No LinkedIn title. No list of hobbies formatted like a dating résumé. No cutesy quote in italics trying to hint at a “fun side.” Just a name and a number. Direct. Confident. Quietly intimate. It’s like she said this is me without saying a word.
Elle.
Even the name has a softness to it. Elle. One syllable. Elegant. Understated. Like someone who’s probably worn a cashmere sweater while drinking whiskey neat and crying over a book.
I pick up the card carefully, like it might fall apart if I breathe too hard. It’s printed on thick matte stock—subtle, professional, no shine, no frills. Just quality. Everything about it says I’m not here to play games. I’m here if you are.
“Thanks,” I murmur, and it comes out a little rough, like my throat’s still recovering from every emotionally dead-eyed interaction I’ve had tonight.
She smiles again, soft and embarrassed and fucking gorgeous, then stands with a little nod, giving me this last flick of a glance that feels almost bashful. Like she’s surprised she actually did it. Gave me her card. Chose me.

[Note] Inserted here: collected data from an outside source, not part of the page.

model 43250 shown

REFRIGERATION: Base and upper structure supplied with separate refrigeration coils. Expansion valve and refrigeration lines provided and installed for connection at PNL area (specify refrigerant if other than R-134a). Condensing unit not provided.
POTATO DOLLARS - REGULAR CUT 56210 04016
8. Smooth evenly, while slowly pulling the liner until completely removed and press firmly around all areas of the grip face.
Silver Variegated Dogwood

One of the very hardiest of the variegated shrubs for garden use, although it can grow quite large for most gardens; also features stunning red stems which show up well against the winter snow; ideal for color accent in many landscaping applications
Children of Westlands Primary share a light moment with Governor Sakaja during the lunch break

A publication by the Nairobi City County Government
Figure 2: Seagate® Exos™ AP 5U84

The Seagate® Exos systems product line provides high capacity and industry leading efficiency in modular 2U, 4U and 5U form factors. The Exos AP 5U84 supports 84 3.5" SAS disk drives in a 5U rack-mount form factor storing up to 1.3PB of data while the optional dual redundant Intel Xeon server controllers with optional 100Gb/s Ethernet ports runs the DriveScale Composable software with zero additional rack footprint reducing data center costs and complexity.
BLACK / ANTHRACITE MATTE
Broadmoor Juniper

Then she’s gone. Walking off into the next circle of Hell, leaving behind her scent—something warm and clean and faintly woodsy, like citrus and cedar and the kind of intimacy that happens with the lights still on.

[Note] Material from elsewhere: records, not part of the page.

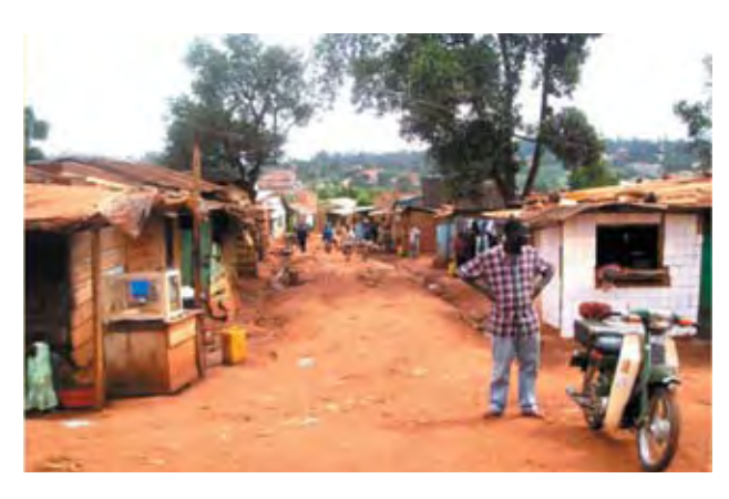
Un tarmacked road through a slum.

better to tarmac a road kilometre by kilometre even if it takes 5 years, using the resources currently availed for maintenance annually. Other socio-economic factors such as education, health, electricity, communication, finance and credit are also discussed and positioned in the upgrading agenda. Gender and HIV/AIDS are also crucial cross-cutting issues within the context of persistent systemic socio-cultural barriers that operate to deny women and other socially marginalized groups their full rights of access to and control over resources especially land and housing which are key in slum upgrading.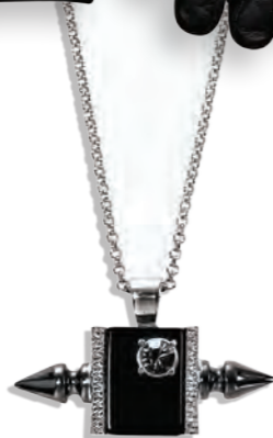
SIR BY MAWI spiked onyx signet pendant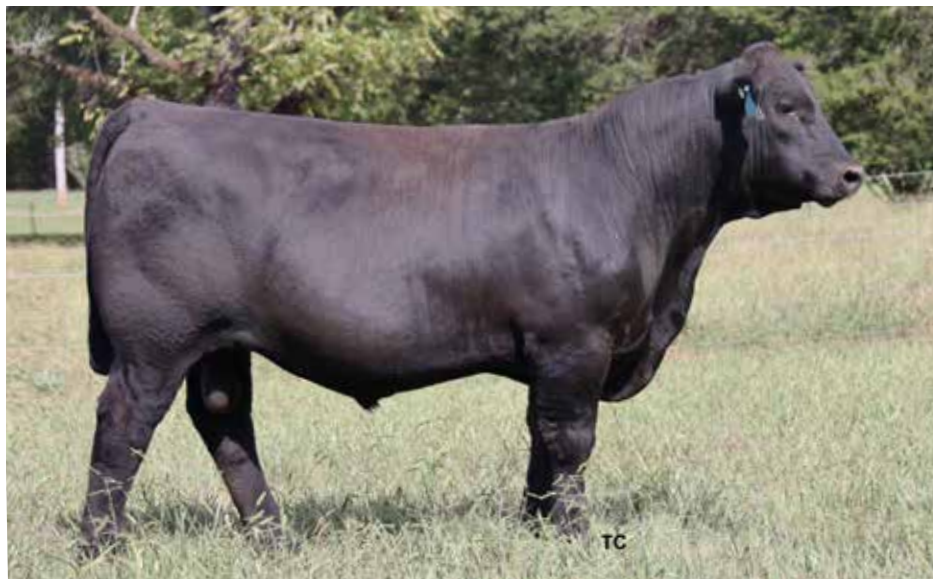
J321 Rebel Yell 3100L / Lot 27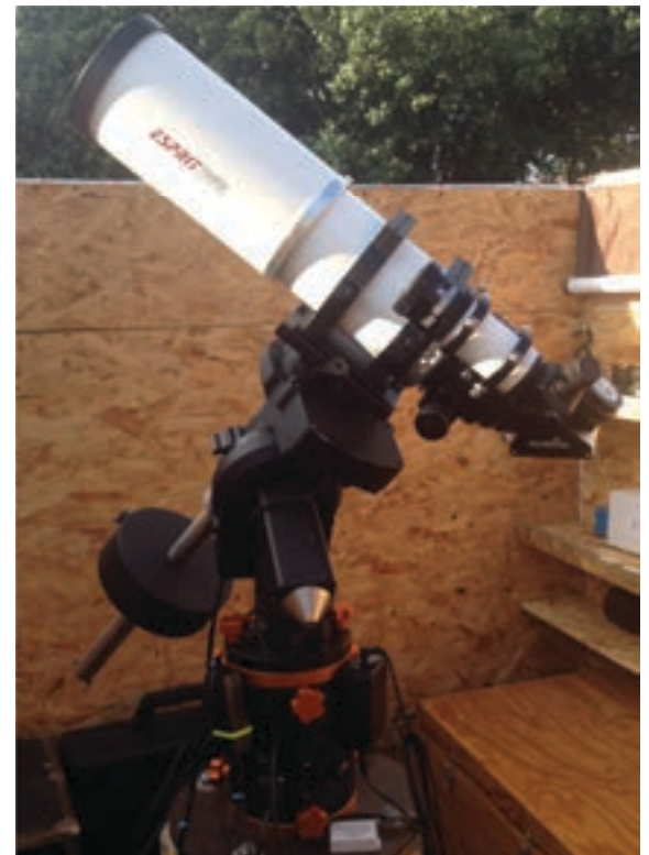
Image 1 - Sky-Watcher Esprit 100ED mounted on the author's Celestron CGE.

The scope did not disappoint. I was immediately blown away by the detail I was detecting in the photosphere. Sunspots were

I sit there for a beat too long. Everyone else is already shifting, standing, preparing for the next round of existential pain, but I’m still holding her name in my hand like it’s a fucking life raft. Elle Whitaker. It feels like a spell.
I slide the card into my wallet. Not the back pocket. Not my jacket. Wallet. Right next to my license. Like it matters.
Because it does.
And for once, I don’t dread the next ding.
Because Elle exists.
And she might—just maybe—give a damn whether I text her tomorrow. Or tonight. Or in two business days.
Fuck business days. I’m texting her the second I get home.